(DATA FOR THIS TASK):

-*-

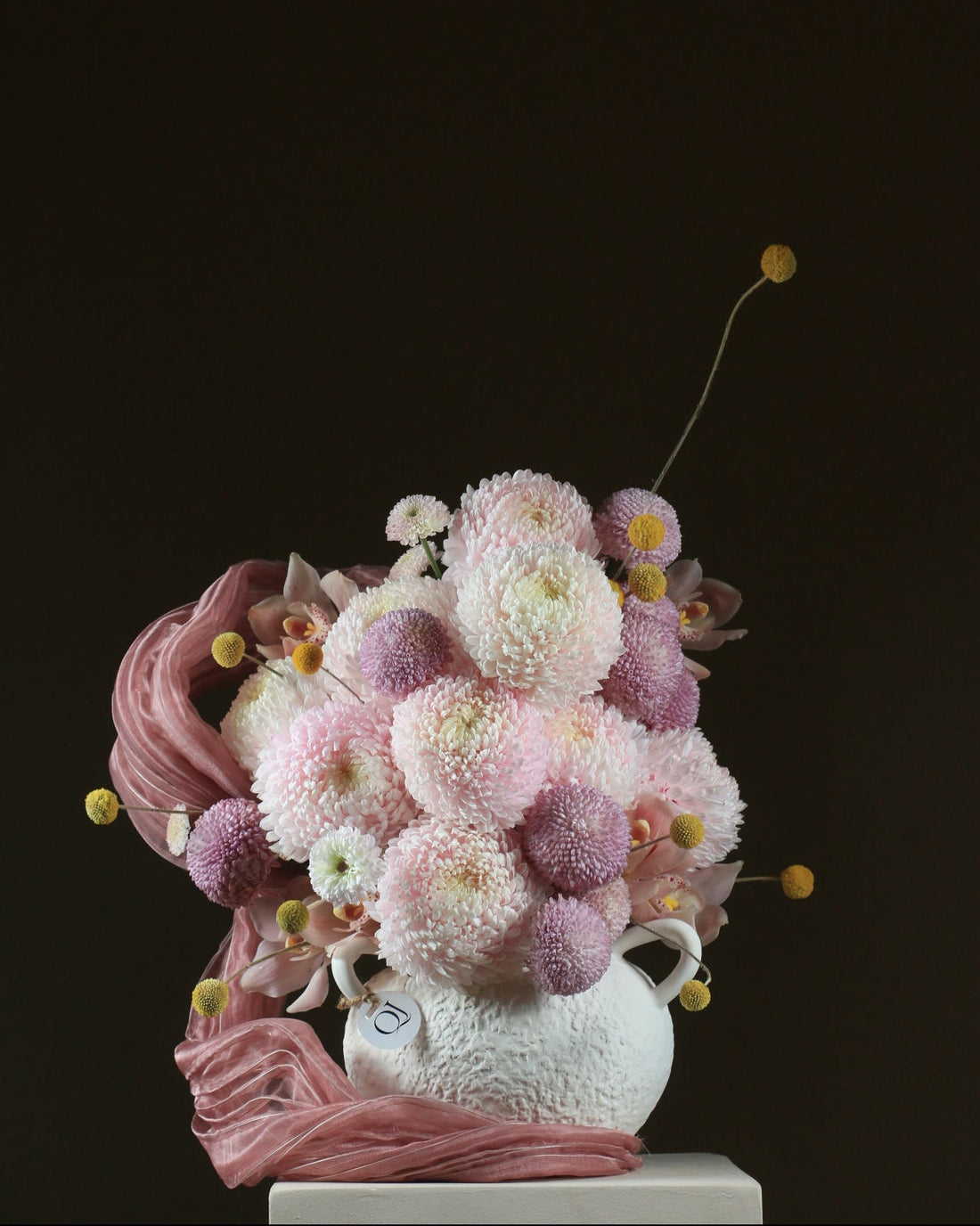 An elegant arrangement that blends delicacy and luxury, with shades of pink and white that...
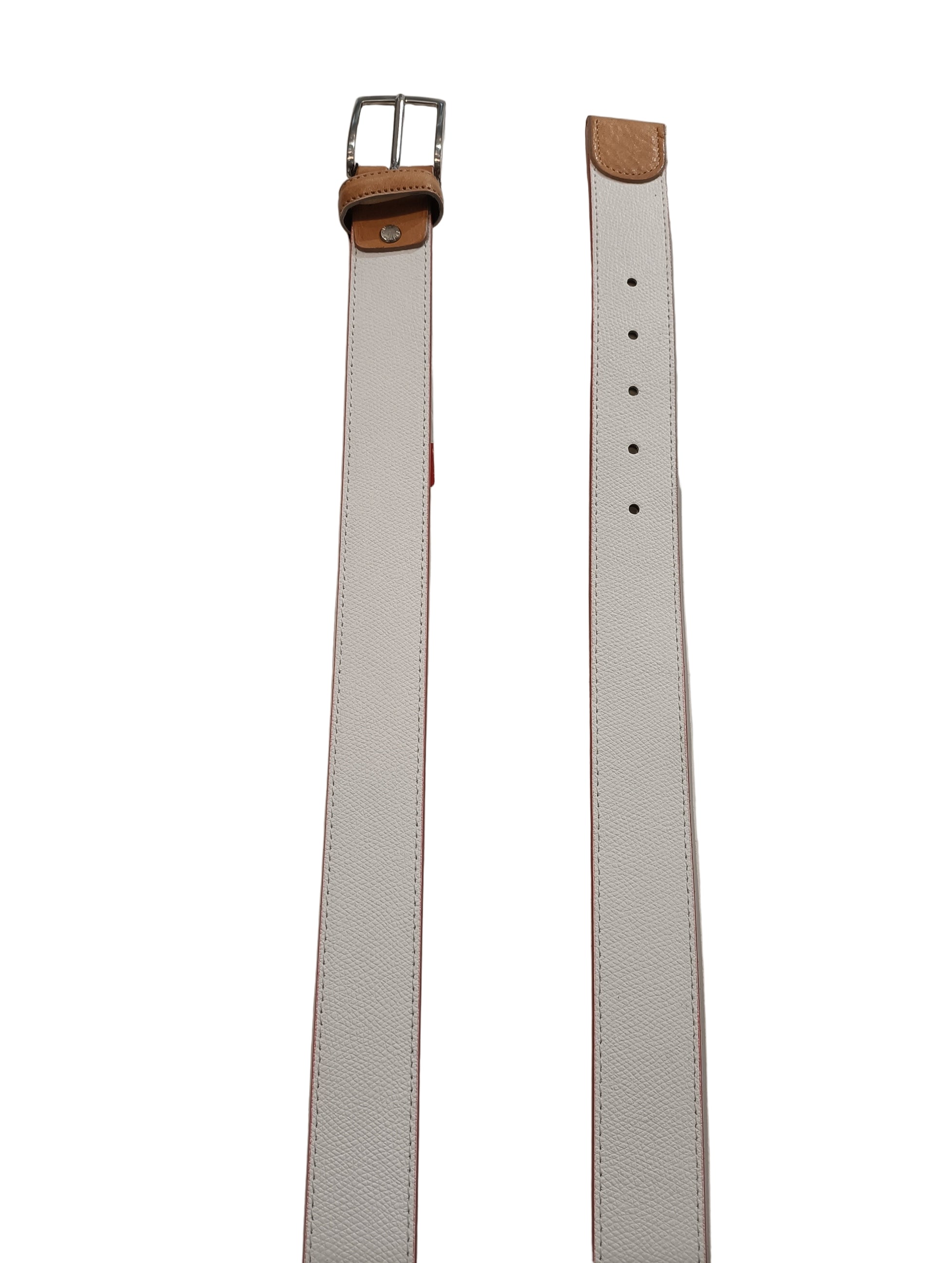 Cintura in pelle bicolore, con fascia principale bianca e dettagli terminali in pelle color cuoio. Presenta cuciture marroni sui bordi per un effetto a contrasto. Fibbia ad ardiglione in metallo argentato. Accessorio distintivo e moderno per look smart-casual.
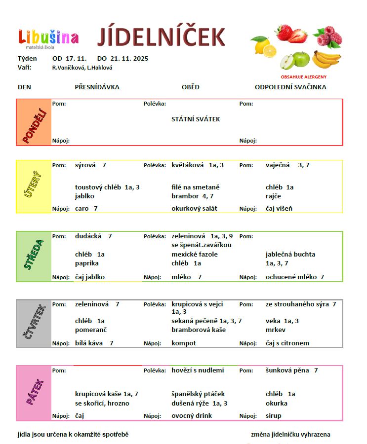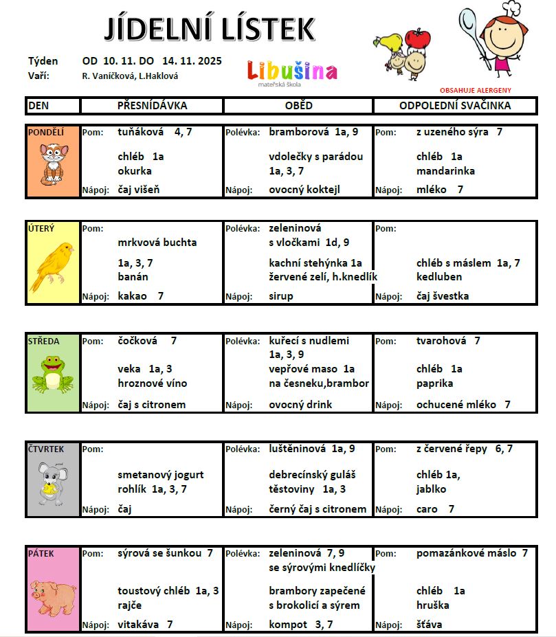 - předem – do sešitu na omlouvání dětí na okénku u školní kuchyně, telefonicky nebo osobně u vedoucí stravování
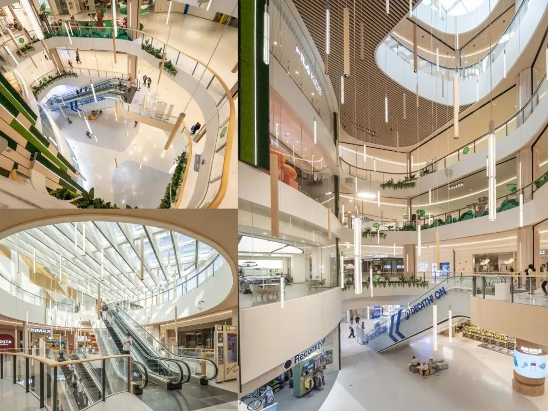 商业室内汲取北欧自然灵感,最大程度地实现自然采光。通过“山川”“河流”“森林”为主题的商业公共空间,抛开日常琐碎,营造轻松游逛的全年龄段游乐场,打造与亲朋好友共度时光共同成长的灵感交流。
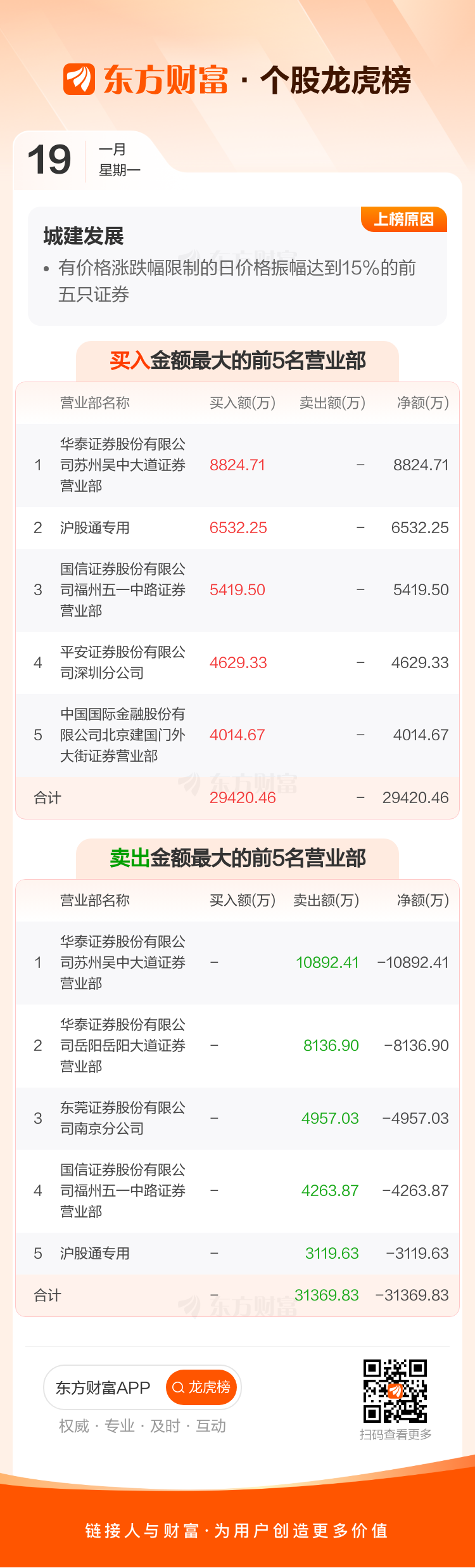 城建发展(600266)龙虎榜数据(01-19)

-*-

(DIRECTIONS):
Repeat the data exactly in full, omitting its pictures.

(SOLUTION FOR THIS EXERCISE):
 An elegant arrangement that blends delicacy and luxury, with shades of pink and white that...
 Cintura in pelle bicolore, con fascia principale bianca e dettagli terminali in pelle color cuoio. Presenta cuciture marroni sui bordi per un effetto a contrasto. Fibbia ad ardiglione in metallo argentato. Accessorio distintivo e moderno per look smart-casual.
 - předem – do sešitu na omlouvání dětí na okénku u školní kuchyně, telefonicky nebo osobně u vedoucí stravování
 商业室内汲取北欧自然灵感,最大程度地实现自然采光。通过“山川”“河流”“森林”为主题的商业公共空间,抛开日常琐碎,营造轻松游逛的全年龄段游乐场,打造与亲朋好友共度时光共同成长的灵感交流。
 城建发展(600266)龙虎榜数据(01-19)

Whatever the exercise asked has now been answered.